Aussi longtemps que les pays développés feront le choix de la démocratie (« gouvernement du peuple, par le peuple »), ils se doivent d’appliquer à la lettre ses principes élémentaires, à savoir que le gouvernement doit être sous le contrôle permanent du peuple, par la démocratie directe. Par le biais du recours, toujours effectivement possible, à un référendum d’initiative populaire.

Celui-ci doit permettre :

1) de censurer une loi votée (à Paris ou à Bruxelles) ;
2) d’obliger l’exécutif et le législatif à se saisir d’une question qu’ils au­raient « oubliée » ;
3) de démettre de ses fonctions toute personne détentrice d’une parcelle d’autorité publique déléguée provisoirement par le peuple souverain, en cas de forfaiture.

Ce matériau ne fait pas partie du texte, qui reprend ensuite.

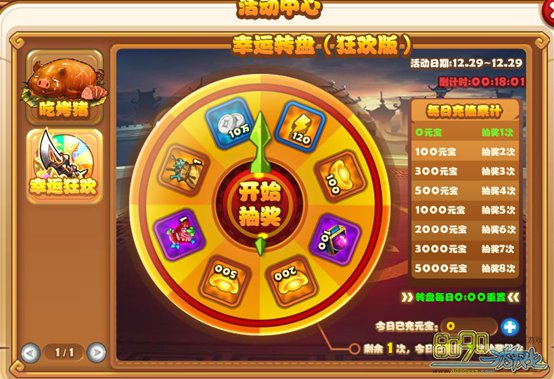 简介:根据玩家当天的充值元宝数,获得抽奖次数,抽取转盘中的奖励,转盘每天重置,奖励不会重复获得。

Au regard d’un tel régime, vraiment démocratique, le recours au référendum d’initiative gouvernementale n’est qu’un pâle pis-aller.
Si les pays européens étaient dotés d’un tel système, leurs gouvernements seraient un peu moins dans les mains de l’oligarchie et un peu plus en phase avec leurs opinions. Comme en Suisse…
Aurions-nous eu l’euro ?

Nous n’aurions eu, en tout cas, ni la Constitution européenne (rejetée en France en 2004), ni le traité de Lis­bonne (adopté en 2007, dans le dos du peuple).
Nous n’aurions pas eu à soutenir la Grèce.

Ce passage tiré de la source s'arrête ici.